For decades, network security looked something like a medieval castle. You built thick walls (firewalls, VPNs, network segregation), and once someone made it past the gate you mostly trusted them. The crown jewels sat in the middle, protected by the assumption that anyone close enough to touch them must belong there.
That model is finished. It has been for years, but the past decade made it impossible to pretend otherwise.
Why the walls came down
Three things broke the perimeter, and none of them are reversing.
Your applications left the data centre. They're in AWS, Azure, three different SaaS platforms, and a vendor's environment you don't even have a contract with. The perimeter you spent years hardening now wraps around an empty building.

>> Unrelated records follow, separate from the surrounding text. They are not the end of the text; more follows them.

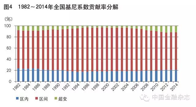 从基尼系数贡献率分解看,区域间经济差距对中国整体经济发展差距的贡献最大,约占70%,其中最大年份是1996年,达到79.3%,最小年份是2012年的67.2%。区域内经济差距对中国整体经济发展差距的贡献约占20%,其中最大年份是1982年的23.7%,最小年份是1994年的17.7%。区域间超变强度对整体经济发展差距的贡献最小,约占10%,最大年份是2012年的11.8%,最小年份是1999年的2.9%,且在2000年前超变强度贡献不断减小,说明区域间经济差距存在明显的分界,即贫穷地区中富裕省份所占比例很小,但2007年之后超变强度贡献明显增加,说明贫穷地区中富裕省份所占比例上升,仅通过地理位置划分经济区域的合理性受到挑战。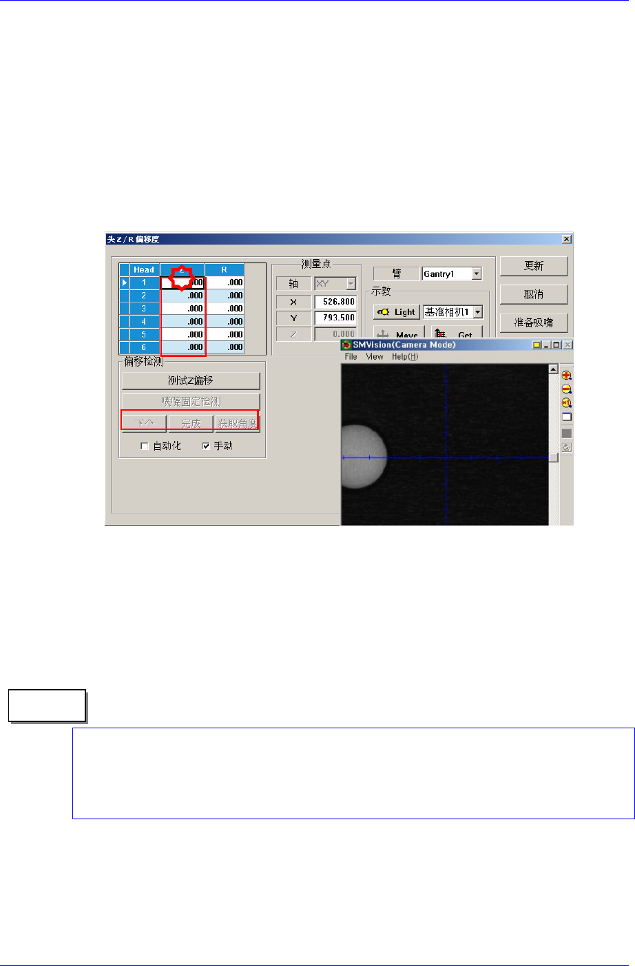 相机上看见 Head 吸嘴支撑架,把 Spindle 上升到可以识别部件的高度后,为了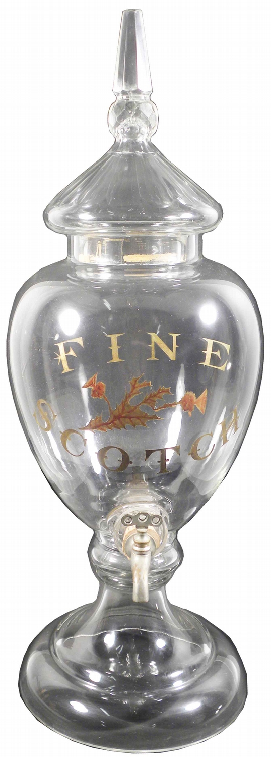 Fine Scotch Back Bar Decanter w/spigot. Small chip on inside of lid otherwise excellent condition. 28 1/2 inches tall.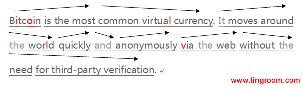 模仿句子:Bitcoin is the most common virtual currency. It moves around the world quickly and anonymously1 via the web without the need for third-party verification.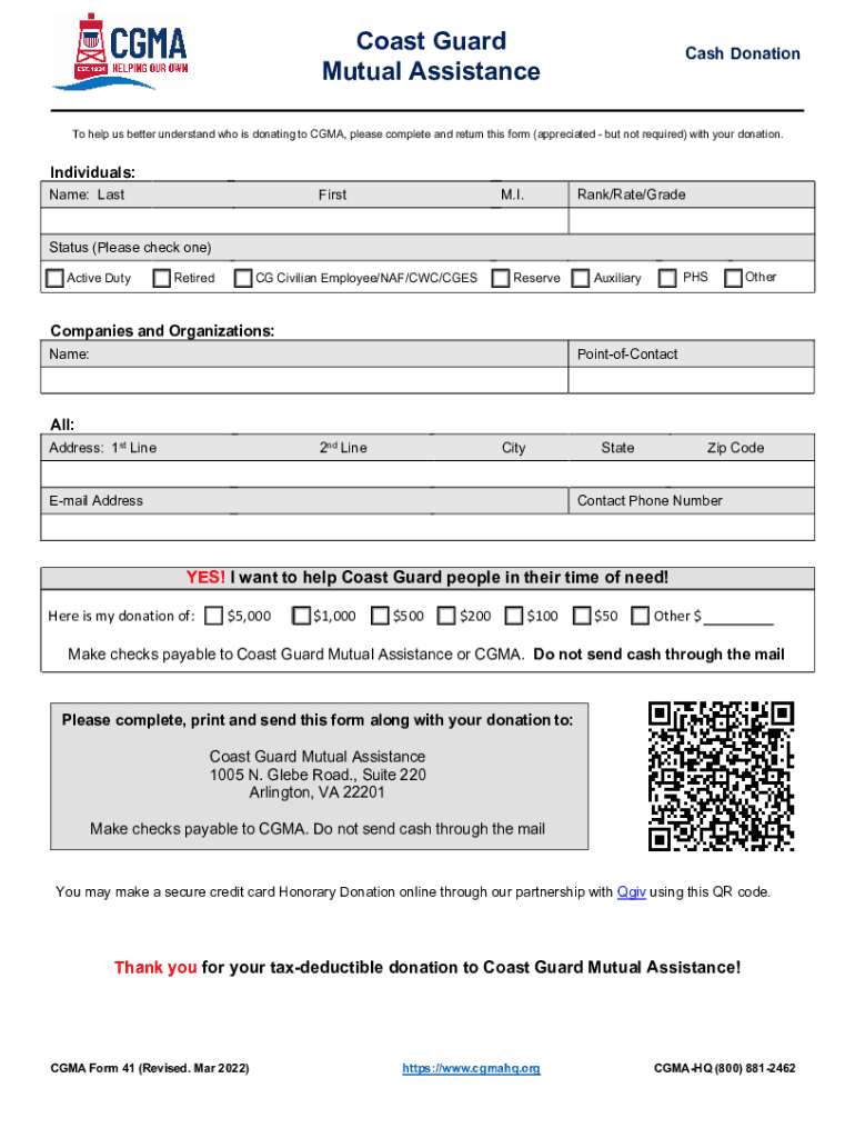 Coast Guard Mutual Assistance Cash Donation help us better understand who is donating to CGMA, please complete and return this form (appreciated but not required) with your donation. Individuals:
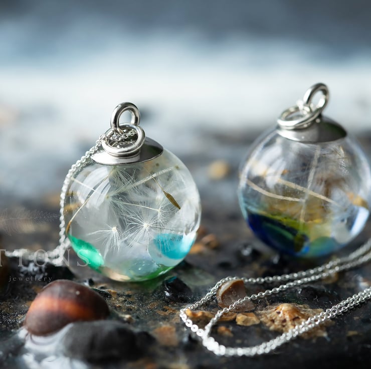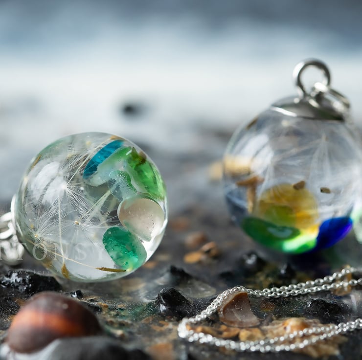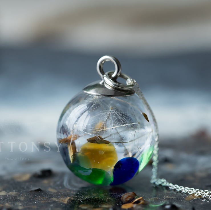 A globe of perfect, tiny pieces of multi-coloured sea glass... beautiful, beautiful shades of green, aqua, teal, cobalt, orange and, if you're very lucky, crimson; they've been paired with the very fluffiest of fluffy dandelions - it captures the joy of blowing a dandelion as you stand on a beach, watching the waves roll in and pull the shingle pebbles back out to sea.

Your users left the office. They work from kitchens and trains and hotel lobbies, on devices you may or may not own. Routing everything through the corporate VPN turned out to be both a bottleneck and a single point of failure, and it did very little to stop a determined attacker anyway.

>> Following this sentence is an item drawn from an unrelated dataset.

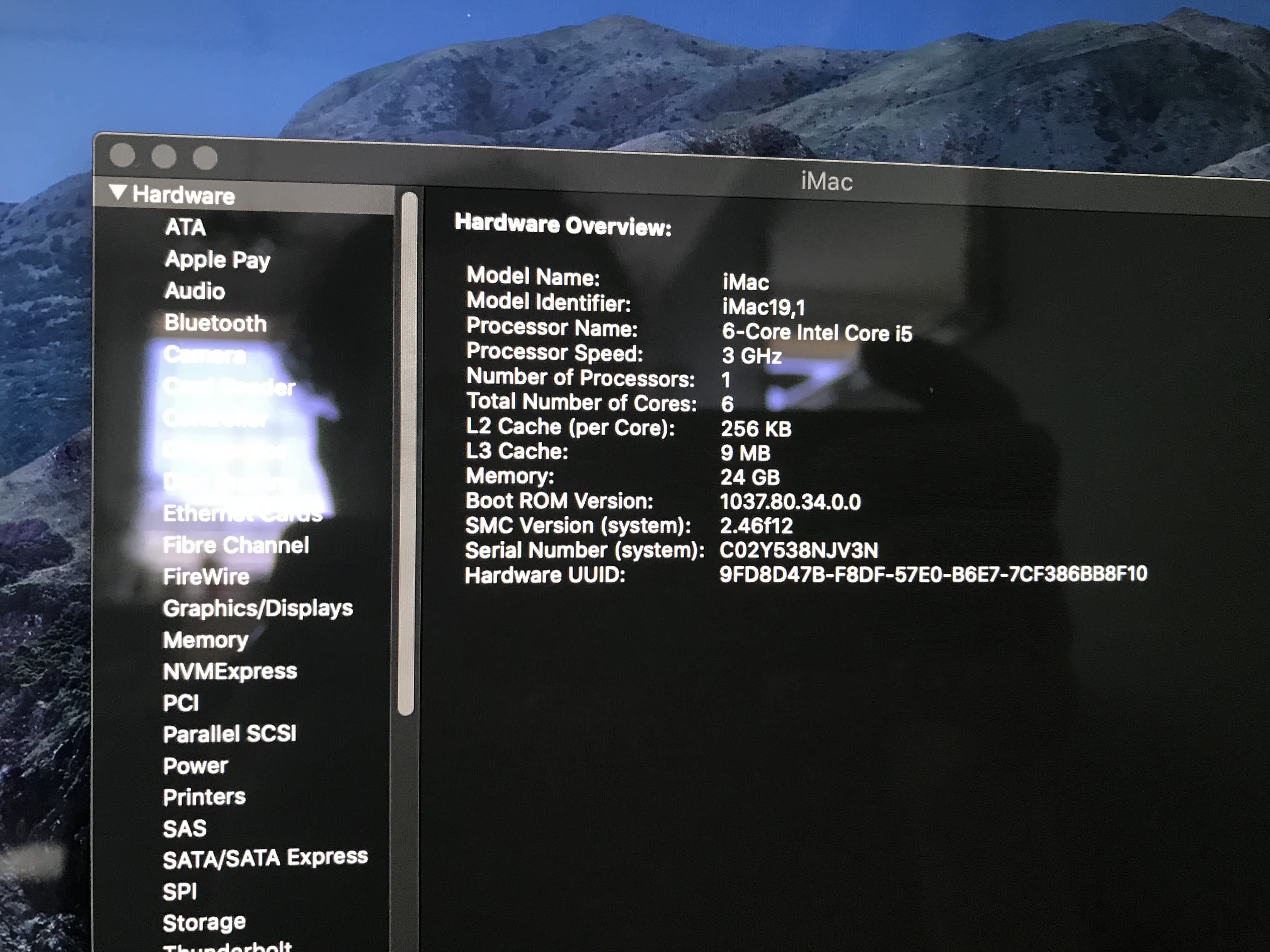 3,0GHz 6jádrový procesor, Turbo Boost až 4,1 GHz 1TB úložiště Retina 5K displej 3,0GHz 6jádrový Intel Core i5 osmé generace Turbo Boost až 4,1 GHz 24 GB 2666MHz paměti DDR4, možnost objednat až 32 GB 1TB Fusion Drive¹ Radeon Pro 570X se 4 GB paměti GDDR5 Dva porty Thunderbolt 3 Retina 5K P3 displej s rozlišením 5120 × 2880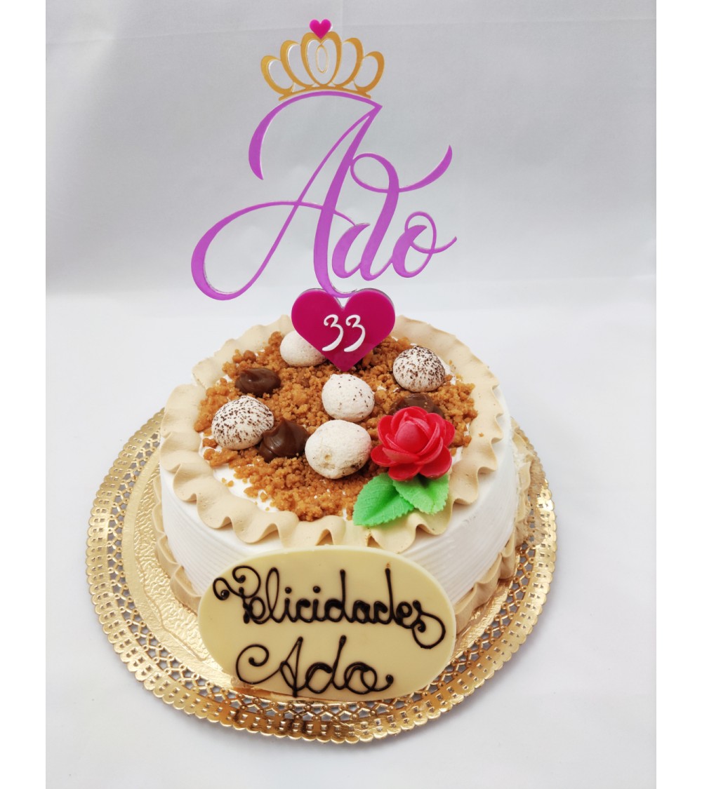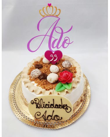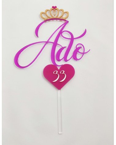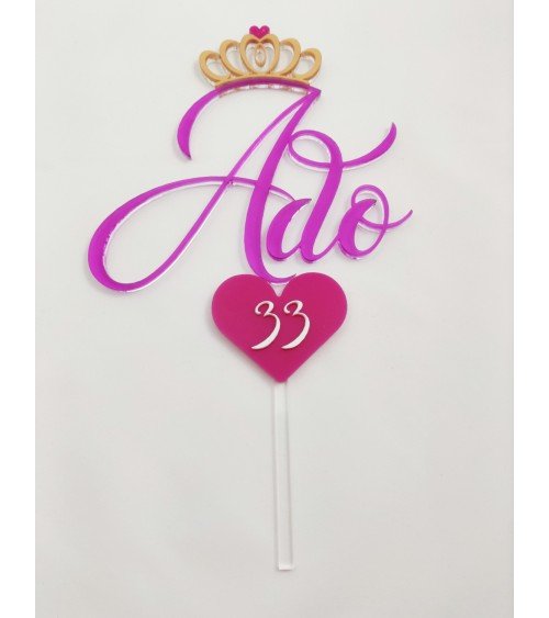 Topper con corona encima del nombre y con un corazón en la parte de abajo con el número.

And attackers got better. Phishing a credential, compromising a contractor, slipping malware into a software update: every modern breach story features an attacker who got inside the perimeter and then moved sideways with almost no friction. Once they were in, the castle worked against the defender.
The uncomfortable conclusion: "inside the network" was never a meaningful safety property. It was just a guess that happened to hold for a while.
What Zero Trust actually means
Zero Trust, a term Forrester coined back in 2010, is the response to all of this. The shorthand is "never trust, always verify," which sounds glib until you sit with what it implies. Every request, whether internal or external, human or machine, on a corporate laptop or a personal phone, gets authenticated and authorised on its own merits. Network location stops being a trust signal. Identity becomes one.
A few principles do most of the work.
Assume breach. Design as though the attacker is already on your network. This isn't paranoia; it's planning for the world you actually live in. Once you assume breach, things like internal traffic encryption and microsegmentation stop feeling excessive and start feeling obvious.
Verify explicitly. Make access decisions on everything you know: who the user is, whether their device is healthy, where they're coming from, what they're trying to reach, whether the request looks anything like their normal behaviour. No single factor is enough.
Least privilege. Give the minimum access required, for the shortest sensible duration. When something does go wrong, and it eventually will, you want the damage to stay small.
What this looks like in practice
A Zero Trust architecture isn't a product you buy. It's a set of capabilities you assemble, usually over years.
Identity sits at the centre. Strong multi-factor authentication for everyone, not just admins. Single sign-on through an identity provider. Conditional access policies that consider context (user, device, location, risk) before letting a request through. Increasingly, passwordless authentication using FIDO2 keys or certificates, because passwords remain the weakest link in almost every breach you read about.
Devices become a trust signal. A managed laptop with full-disk encryption, current patches, and working endpoint protection is treated differently from a random tablet on a hotel Wi-Fi. BYOD doesn't have to mean unrestricted access; it usually means web-only access, virtual desktops, or some other form of containment.
The network itself becomes untrusted by default. Traffic between services is encrypted even inside your own environment. Microsegmentation limits what any compromised host can reach. A software-defined perimeter can make resources literally invisible to anyone not authorised to see them, which is a useful thing when reconnaissance is half of any serious attack.
Applications and APIs participate too. Every service authenticates the caller. Service-to-service traffic uses mutual TLS or signed tokens. The days of "the call came from inside the cluster, so it must be fine" are over.
And underneath all of this sits data: classified by sensitivity, encrypted at rest and in transit, monitored for unusual access patterns, with every read and write logged somewhere a security team can actually use.
The UK government angle
For anyone building services in UK government, this is no longer optional thinking. The National Cyber Security Centre publishes specific Zero Trust guidance, and it has become the expected starting point for new services. Existing services are increasingly being asked to show a credible path towards it. The US federal government has gone further and mandated adoption across agencies.
The practical implication for architects is that Zero Trust questions will be asked at design review, at assurance, at procurement. Showing up with a VPN diagram and a perimeter firewall and calling it a day no longer holds up.
Where to start
The biggest mistake is treating Zero Trust as a single project with a launch date. Nobody flips a switch and arrives. The teams making real progress pick their highest-risk areas, usually privileged access, admin tooling, or sensitive data stores, and apply Zero Trust thinking there first. They get identity, device posture, and least privilege right in one place, prove the model works, then expand outwards.
The castle is gone. What replaces it, done properly, is genuinely more secure and more workable than what came before. Getting there is years of patient work, not a weekend's worth of new firewall rules.